What the market understood, and what the FCC's press release labored to obscure, was that a policy framed entirely in the language of national security had produced a set of economic outcomes so precisely targeted that they could have been drawn up by a lobbyist. The ban affected virtually every consumer router on the American market — roughly ninety-eight percent of devices are manufactured abroad — while exempting a vanishingly small number of companies whose fortunes happen to be intertwined with the political network surrounding the current administration. The question was not whether the ban had economic winners. The question was whether creating those winners was incidental to the policy, or the point of it.

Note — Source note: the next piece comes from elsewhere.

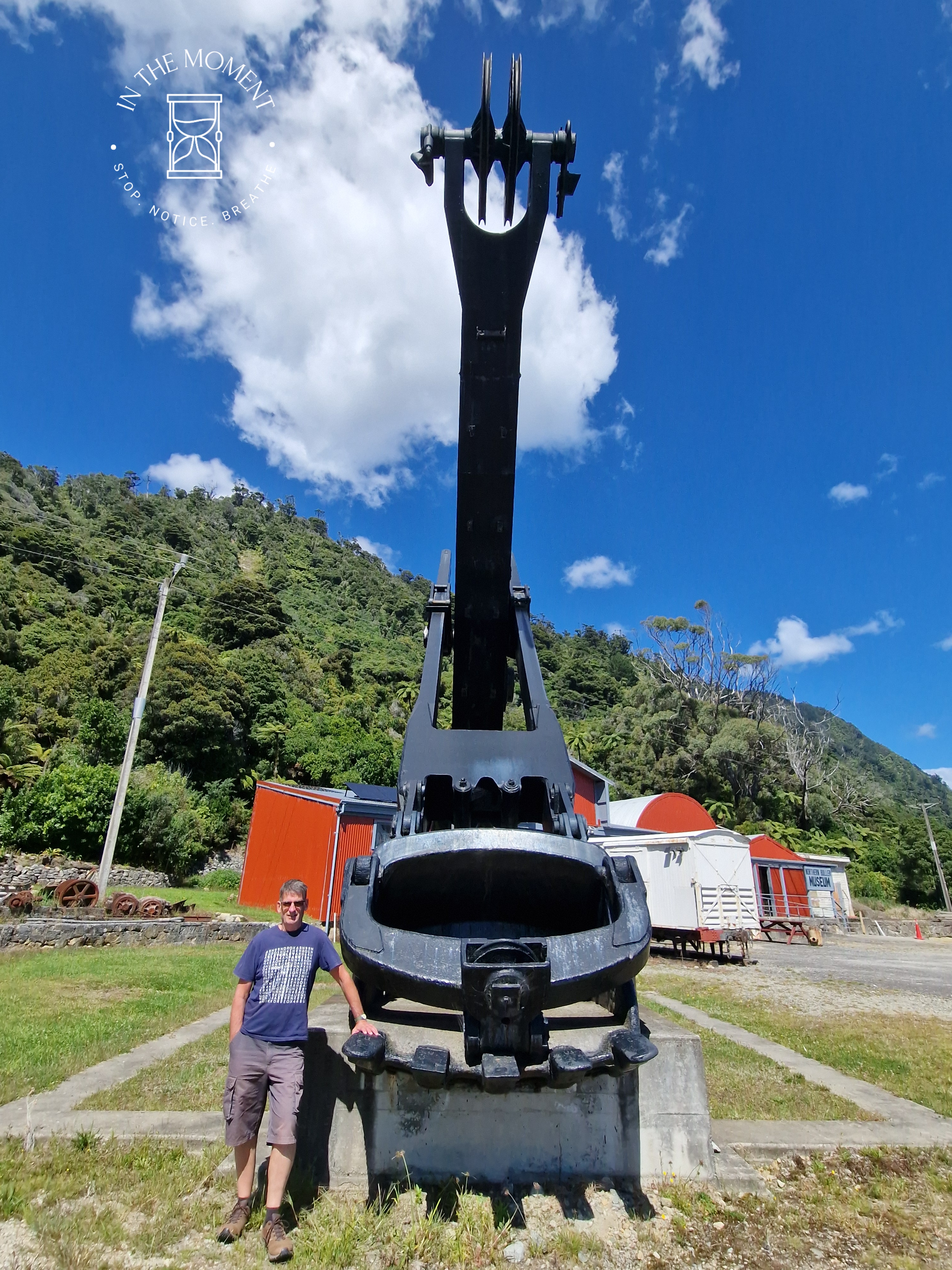 A little further down SH67, you come to Granity and Stockton. We stopped to see the current coal that had just been brought down from the open cast mine being poured into great big piles. presumably ready for shipping. We have a look around the North Buller Museum which is filled with items collected from the mining families who lived in the area. The huge chomping arm from the 1947 Marion Electric Shovel was amazing to see!.

The man at the center of this particular regulatory event is Brendan Carr, whom Donald Trump designated as FCC Chairman on November 17, 2024, and who assumed the role on Inauguration Day. Carr is forty-seven years old, Washington-born, a career telecom lawyer who spent years as a mid-ranking FCC official before Trump elevated him. He has the affect of a mid-level bank manager — soft-spoken, amiable, careful with his syntax — and the instincts of a ward boss. Before the router ban, Carr had already established a pattern of using the FCC's regulatory authority in ways that his predecessors, of both parties, would have considered unthinkable.

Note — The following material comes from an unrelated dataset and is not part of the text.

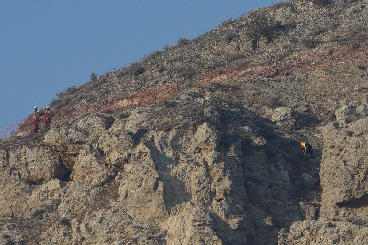 En aquesta actuació els operaris col·locaran una xarxa metàl·lica i segellaran la part superior de la penya a la muntanya. De moment s'ha començat a posar vies per fer treballals en vertical.

When Skydance Media sought FCC approval to acquire Paramount Global in a deal valued at eight billion dollars, Carr made it clear — in a Bloomberg interview, on the record — that he would block any merger involving companies that maintained diversity, equity, and inclusion programs. Skydance's general counsel sent the FCC a letter confirming the elimination of all DEI initiatives at Paramount, the removal of DEI language from internal and external communications, and the installation of a CBS News ombudsman to police "viewpoint diversity." Paramount had already paid President Trump a sixteen-million-dollar settlement over a "60 Minutes" interview with Kamala Harris that the administration considered unfavorable. The FCC approved the merger in a two-to-one vote. Senator Adam Schiff demanded information on the sequence of events, writing that the approval's conditions "suggest an active effort by the FCC to shape the company's future programming content in alignment with President Trump's criticism of Paramount." The Freedom of the Press Foundation filed an ethics complaint against Carr with the District of Columbia Bar.

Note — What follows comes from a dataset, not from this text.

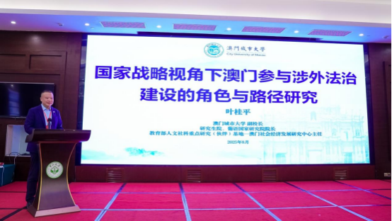 在主旨发言环节,澳门城市大学副校长、教授叶桂平围绕《国家战略视角下澳门参与涉外法治建设的角色与路径研究》展开分享。澳门在国家发展中具有重要战略地位,习近平总书记曾称赞澳门是祖国的掌上明珠,并提出其未来要成为国家对外开放的“桥头堡”。澳门区域面积较小,但凭借独特地缘优势,在国家五年规划中被赋予建设世界旅游休闲中心、中国与葡语国家商贸合作服务平台等重要定位。当前,澳门法治建设面临修法、立法压力,经济发展离不开法治保障。澳门高校正积极行动,扩大招收内地学生,加强涉外法治课程体系建设,推动法学与区域国别学交叉融合,培养涉外法治人才。未来要进一步发挥横琴粤澳深度合作区作用,建设国际法务集聚区,培养高端实务人才,服务国家高水平对外开放。

This was not an isolated episode. When ABC aired comments by Jimmy Kimmel that angered conservatives, Carr threatened the network's broadcast licenses and told an interviewer, "We can do this the easy way or the hard way." ABC's parent company, Disney, pulled the show off the air for several days. When Trump attacked media coverage of the U.S. conflict with Iran, Carr posted on social media that broadcasters running "hoaxes and news distortions — also known as the fake news" should "correct course before their license renewals come up." He expanded the FCC's "equal time" doctrine to cover morning shows and late-night programs, threatening action if networks interviewed too many Democrats. He publicly attacked CNN — a cable network over which the FCC has no regulatory jurisdiction whatsoever — demanding "accountability" for its Iran reporting. Even Senator Ron Johnson, a reliable Republican ally, said he did not "like the heavy-handed government, no matter who is wielding it." Marjorie Taylor Greene, not exactly a progressive civil libertarian, warned that the precedent could be turned against conservative media under a future administration.
A coalition of more than eighty First Amendment scholars, civil-society groups, and litigators sent Carr a letter accusing him of "unlawful jawboning" — the use of regulatory threats to coerce private actors into making decisions the government cannot legally compel. The letter noted that the Communications Act explicitly denies the FCC any "power of censorship" or authority to "interfere with the right of free speech." Carr, who in 2021 had issued a press release declaring that "a newsroom's decision about what stories to cover and how to frame them should be beyond the reach of any government official," did not appear troubled by the contradiction.
It is within this institutional context — an FCC that has spent the preceding fifteen months openly using its regulatory power as an instrument of political leverage — that the router ban should be understood.
The FCC's action, issued on March 23, 2026, added all "consumer-grade routers produced in a foreign country" to the agency's Covered List. The Covered List is the FCC's national-security blacklist: equipment placed on it cannot receive new FCC equipment authorizations, which means it cannot be imported, marketed, or sold in the United States. The ban applied to new models only. Existing devices — already purchased, already on shelves, already authorized — were grandfathered. Firmware updates for grandfathered equipment would be permitted until March 1, 2027.
The policy was based on a determination by a White House-convened interagency body that foreign-produced routers posed "unacceptable risks to the national security of the United States." The determination cited the Volt Typhoon, Flax Typhoon, and Salt Typhoon cyberattack campaigns — real, documented Chinese state-sponsored operations that had exploited consumer routers to penetrate critical American infrastructure. The security concerns were genuine. What was not genuine — or at least not self-evident — was the claim that a blanket geographic manufacturing ban was the appropriate response.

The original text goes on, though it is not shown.